**Exercise goal:** The data below should be retyped exactly, with the pictures left out.

**Collected material:**
*** Begin section ***

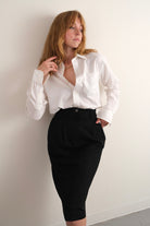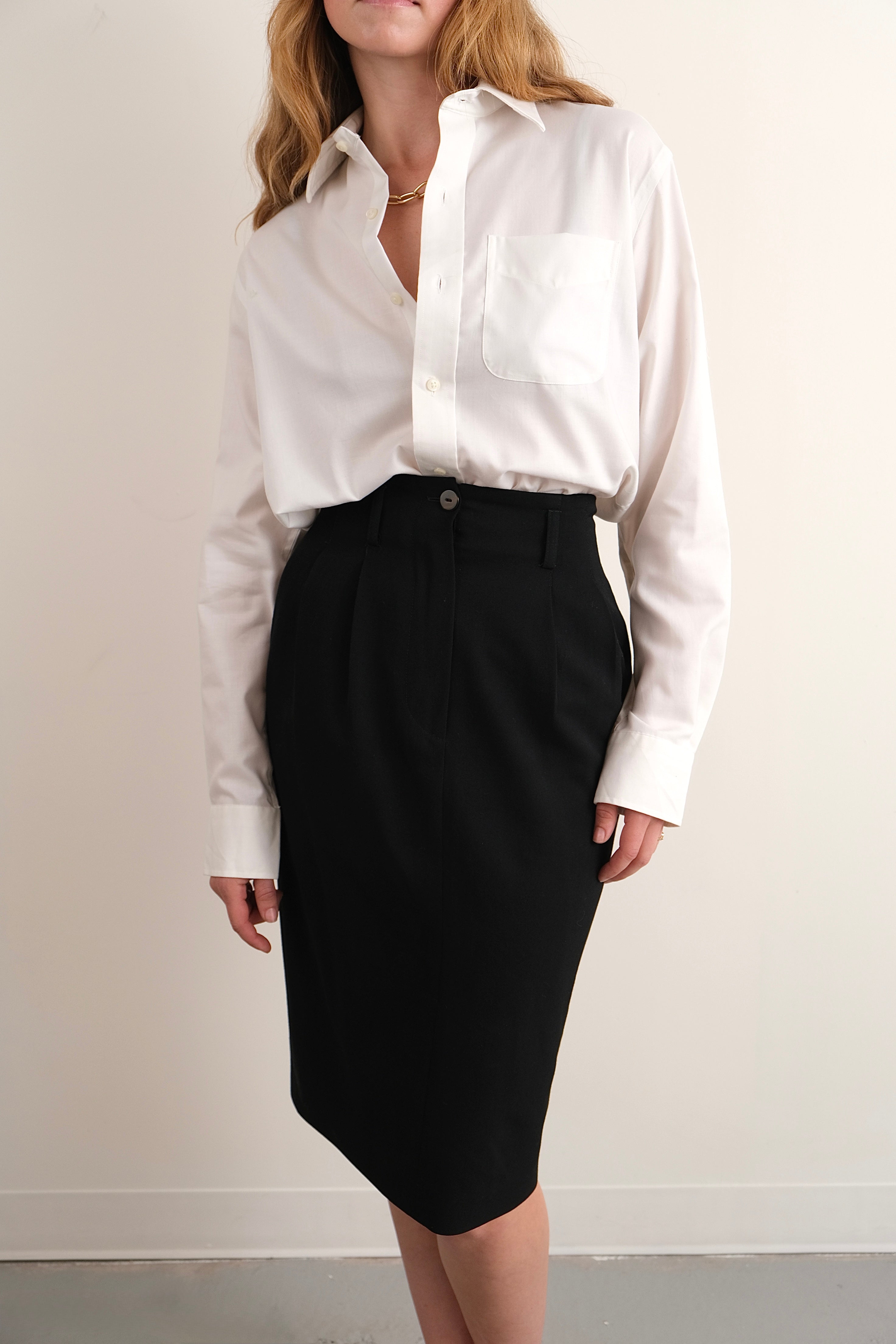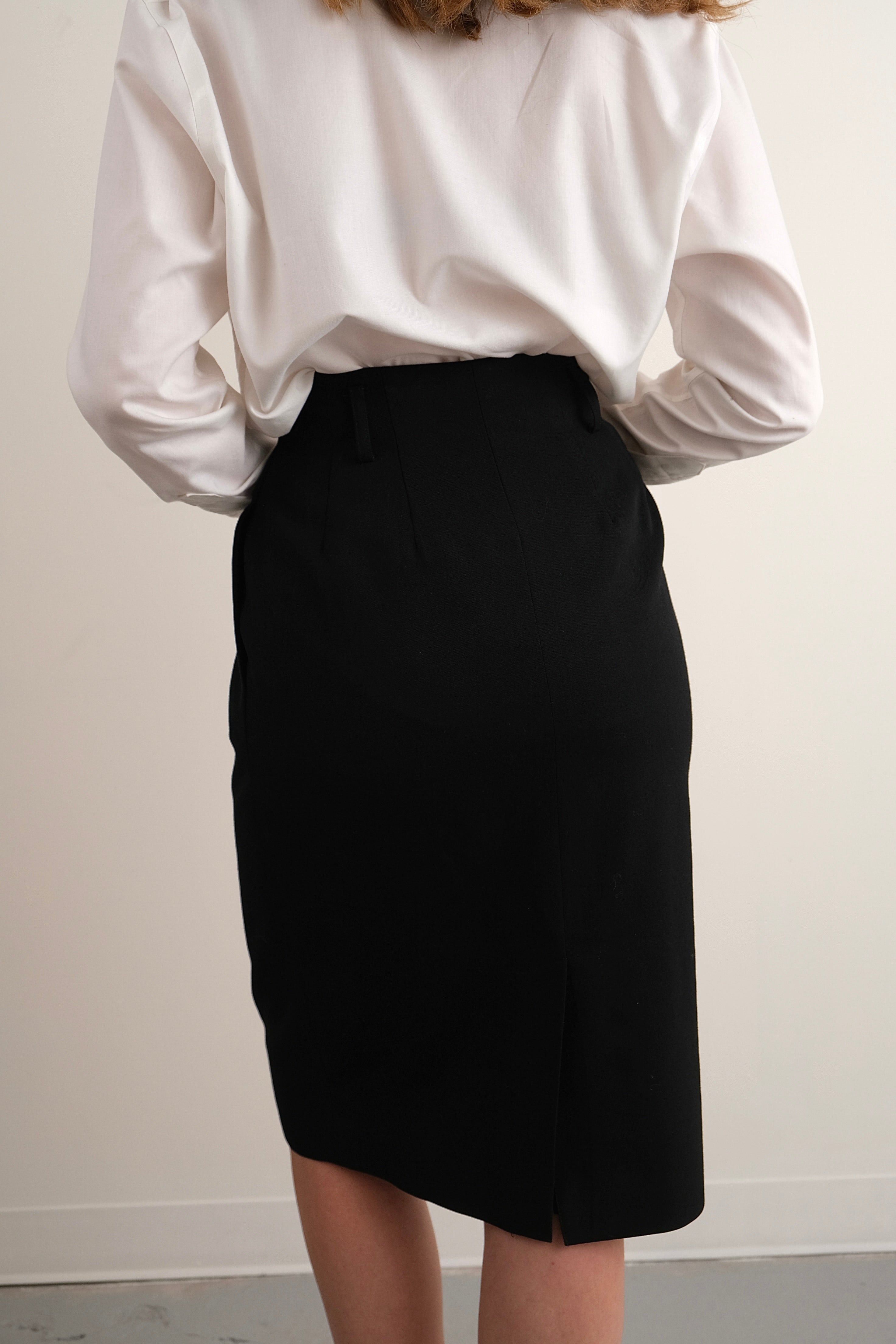 Woven in pure black wool, this skirt carries a smooth yet substantial drape that holds its shape beautifully. The front pleats introduce gentle volume through the hips, while the straight cut tapers slightly for an elongating effect. A single horn-style button and zip closure complete the waistline, reinforcing its clean, tailored finish.
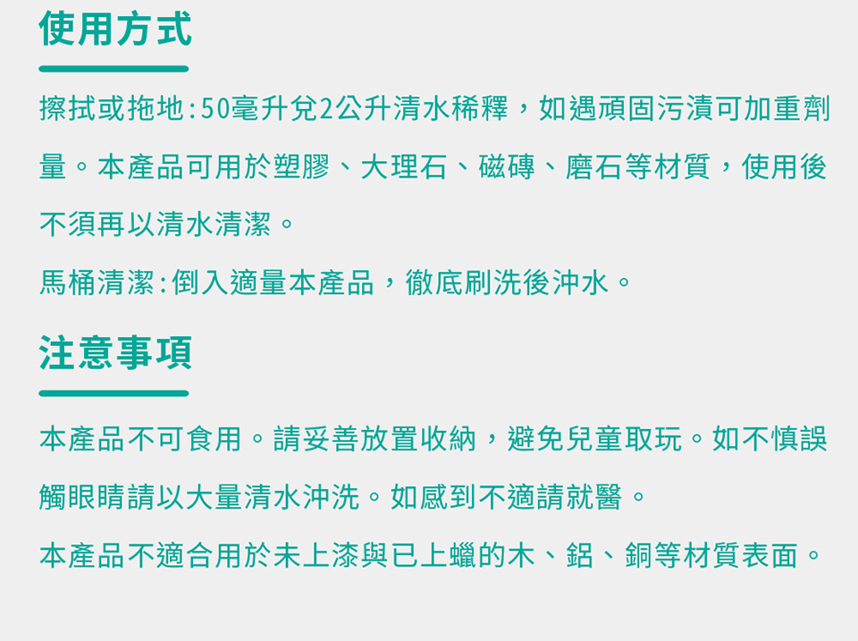 擦拭或拖地:50毫升兌2公升清水稀釋,如遇頑固污漬可加重劑量。本產品可用於塑膠、大理石、磁磚、磨石等材質,使用後不須再以清水清潔。
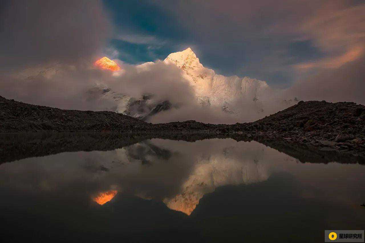 (PumoriBC边上的小池塘倒映出了双峰,左为珠峰,右为努子峰,摄影师@曲子华)

*** End section ***

**Task response:**
 Woven in pure black wool, this skirt carries a smooth yet substantial drape that holds its shape beautifully. The front pleats introduce gentle volume through the hips, while the straight cut tapers slightly for an elongating effect. A single horn-style button and zip closure complete the waistline, reinforcing its clean, tailored finish.
 擦拭或拖地:50毫升兌2公升清水稀釋,如遇頑固污漬可加重劑量。本產品可用於塑膠、大理石、磁磚、磨石等材質,使用後不須再以清水清潔。
 (PumoriBC边上的小池塘倒映出了双峰,左为珠峰,右为努子峰,摄影师@曲子华)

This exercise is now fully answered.